Hey, great. Just two quick ones. So starting with sort of same store and why, you know, I know the previous guidance, obviously, of two to 5% constant currency. The presentation says two Q should be sort of down as much as one Q, if I'm understanding that correctly. So just trying to think about the cadence of the what's baked into the second half of the year, you know, obviously, we'll open an exact number on it. But how are you guys thinking about that down and recovering the second half of the year?
Yeah, so I think, you know, as we said, we're confident in growth in the second half of the year for all the things we talked about, the easier comps, the seasonality. I think that, you know, we're not sure how much is going to grow, and that's why we're being careful on giving ranges, and that's where we'll continue to, you know, give you more information as we see it. But that's really the, you know, as Greg mentioned, that's kind of the point. Yeah, those are the key points.
Great. And then my second question is just a little bit more color on what you're hearing from tenants and sort of their level of inventory sort of post-tariff and so forth. And are there any sort of sectors, whether it's seafood, protein, is there any one or other that's better or worse positioned than any other sort of post-tariff announcement? Thanks so much.

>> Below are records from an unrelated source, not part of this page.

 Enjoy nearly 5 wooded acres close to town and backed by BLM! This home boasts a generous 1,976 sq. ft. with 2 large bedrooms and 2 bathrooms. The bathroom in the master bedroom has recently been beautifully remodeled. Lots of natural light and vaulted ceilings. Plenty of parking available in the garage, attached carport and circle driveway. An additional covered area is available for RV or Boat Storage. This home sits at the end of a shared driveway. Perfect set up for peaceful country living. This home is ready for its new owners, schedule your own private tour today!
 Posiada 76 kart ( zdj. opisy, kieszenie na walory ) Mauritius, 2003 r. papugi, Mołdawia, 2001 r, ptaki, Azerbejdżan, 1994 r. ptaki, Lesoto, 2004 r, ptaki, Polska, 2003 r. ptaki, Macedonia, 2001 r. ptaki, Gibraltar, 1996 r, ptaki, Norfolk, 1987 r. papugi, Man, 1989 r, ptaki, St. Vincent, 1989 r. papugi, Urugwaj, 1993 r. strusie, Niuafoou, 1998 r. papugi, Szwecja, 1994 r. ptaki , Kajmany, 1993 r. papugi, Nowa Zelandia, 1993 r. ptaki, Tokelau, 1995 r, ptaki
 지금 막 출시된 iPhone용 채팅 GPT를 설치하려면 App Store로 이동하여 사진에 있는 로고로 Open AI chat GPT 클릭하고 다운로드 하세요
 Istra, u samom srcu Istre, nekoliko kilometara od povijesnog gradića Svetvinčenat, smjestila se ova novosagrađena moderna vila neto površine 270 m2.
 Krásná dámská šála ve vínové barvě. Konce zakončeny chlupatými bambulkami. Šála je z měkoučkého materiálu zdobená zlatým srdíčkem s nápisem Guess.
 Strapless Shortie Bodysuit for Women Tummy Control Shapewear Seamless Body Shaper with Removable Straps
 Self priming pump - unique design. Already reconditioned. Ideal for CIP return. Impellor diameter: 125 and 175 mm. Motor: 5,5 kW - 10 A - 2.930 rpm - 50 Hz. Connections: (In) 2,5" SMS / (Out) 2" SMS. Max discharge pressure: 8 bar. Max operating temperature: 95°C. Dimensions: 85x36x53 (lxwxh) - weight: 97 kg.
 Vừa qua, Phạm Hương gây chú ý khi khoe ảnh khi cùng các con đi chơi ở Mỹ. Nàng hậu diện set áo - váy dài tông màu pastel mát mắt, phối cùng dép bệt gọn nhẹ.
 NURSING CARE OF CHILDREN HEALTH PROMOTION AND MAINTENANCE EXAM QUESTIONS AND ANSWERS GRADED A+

Yeah, I would say there's wait and see on whether to change any inventory positioning or level of holdings. You know, our seafood business, you know, we talked about that a lot last year. That's stabilized, and I think we're kind of at a normal consumption level in seafood, and so we're seeing that. you know, we've seen those inventories down from the peak of COVID, but there's no longer, you know, downward pressure in that segment of our business.
Great. Thanks so much. Your next question is from the line of Steve Sakwa of Evercore ISI. Your line is open.
Yeah, thanks. Good morning. I don't know if you guys saw, there was a major article about the Chinese that had canceled the major, I guess, pork order from, you know, U.S., obviously given the tariff situation. And I'm just curious, you know, how that sort of transaction ripples back through the system here in the U.S. And, you know, could things like that in some cases put upward pressure on occupancy or, you You know, how do you sort of think about that, you know, in light of the comments, Greg, you sort of made about customer uncertainty with kind of the import-export business?
Yeah, it's a really great question. So absolutely that could happen. I mean, we're, you know, all the uncertainty that we have and the reason we're not giving a same-store exact number for the second half isn't all downside. There's a lot of things that could happen here that could buoy our occupancy and results. And that's one of them. I mean, China is a very large trading country. number of commodity experts and and i think importantly though you know while china's a large partner they've been using non-tariff trade barriers for a number of years so this really isn't a new uh issue while it's you know pronounced and it could have a bigger impact than past issues it's not a new thing for our customers to deal with i mean for example china was not renewing export licenses for a number of US protein locations that compete with their domestic producers all of last year, and our customers have been dealing with that. And so customers and producers are already working to redirect their exports to different countries, and that's exactly what they'll do if the continue or the tariffs get larger so I mean like we said food food flows like water around the world if it's not exported to China it'll be exported somewhere else or it'll be because it you know it'll be pointed to the domestic market here in the U.S but yes there is upside as you as you point out okay thanks and then maybe just sorry did you want to say something else nope I'm good proceed okay
The second question, just I guess if you think about capital deployment and like this Tyson's deal, does the economic uncertainty maybe create more opportunities for you guys as customers look to kind of shed costs and streamline their business? And how are you thinking about those deals and maybe the return hurdles in light of kind of where your stock has traded since the IPO and uncertainty in the bond market. Are you raising your investment hurdles and do you think this can create more opportunity?
So we think it could. We're always looking at risk-adjusted return and our cost of capital is a key component of that calculation that we talk about every week in our capital deployment call. But certainly, if tariffs impact the global supply chain, customers will shift their either production or distribution channels. And we are in those rooms with those executive staffs, helping them decide and execute on any major supply chain changes. And so, you know, Tyson is one that was obviously born well before these tariff policy changes. But as things change, we tend to get even more valuable with our customers.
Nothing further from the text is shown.